WHAT NEEDS TO BE DONE:
Excluding pictures, retype the line with "ไฟดาวน์ไลท์อลู" and each line that follows it to the end of the data below, word for word.

EXERCISE DATA:
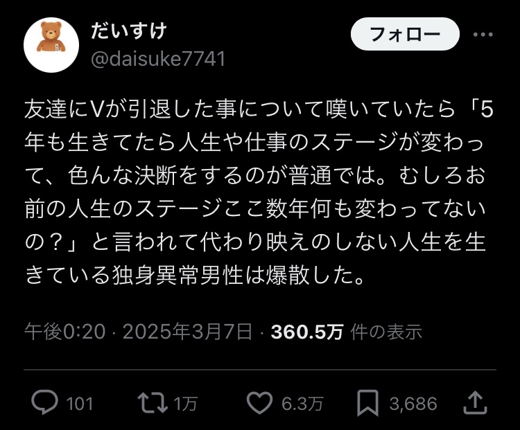 - 推し関係の◯◯引退が悲しいって話にこの回答するやつは友達いないだろ…
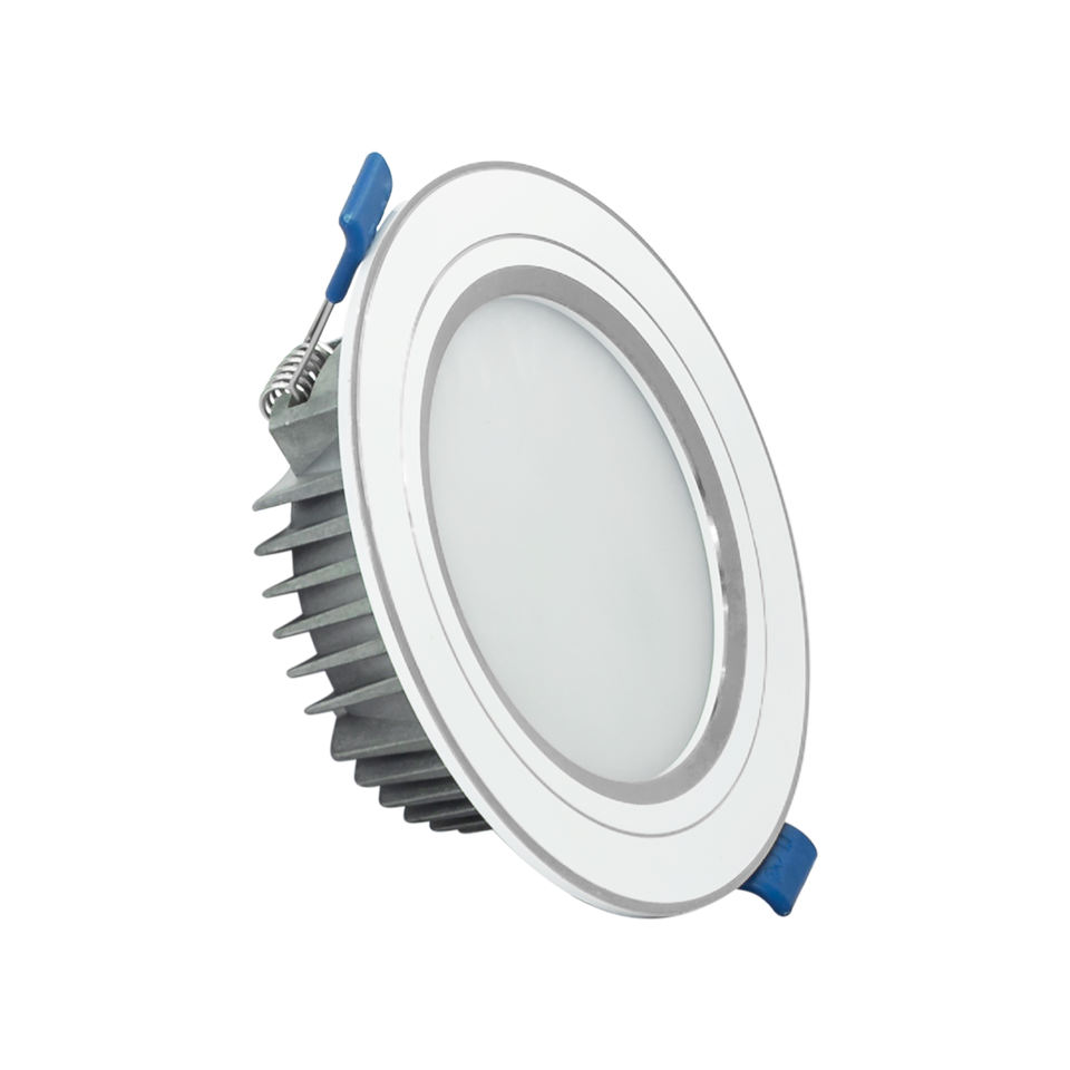 ไฟดาวน์ไลท์อลูมิเนียมแอลอีดีแบบเรียบง่ายทันสมัยพร้อมขอบสีเงินราคาดี IP20ผู้ผลิตในเวียดนามมีการติดตั้งสไตล์บ้านปิดภาคเรียน
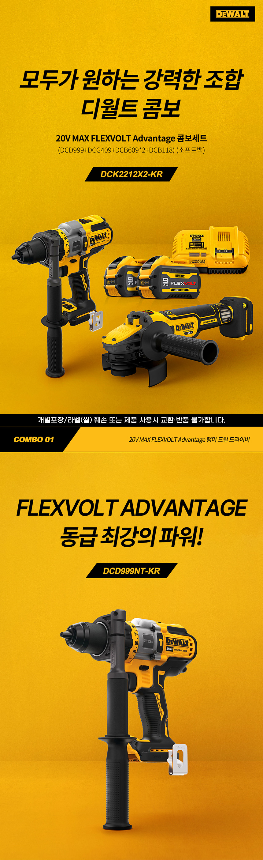 디월트 20V DCK2212X2 플렉스볼트 콤보 세트 DCD999 햄머 드릴 DCG409 그라인더

RESPONSE TO THIS EXERCISE:
 ไฟดาวน์ไลท์อลูมิเนียมแอลอีดีแบบเรียบง่ายทันสมัยพร้อมขอบสีเงินราคาดี IP20ผู้ผลิตในเวียดนามมีการติดตั้งสไตล์บ้านปิดภาคเรียน
 디월트 20V DCK2212X2 플렉스볼트 콤보 세트 DCD999 햄머 드릴 DCG409 그라인더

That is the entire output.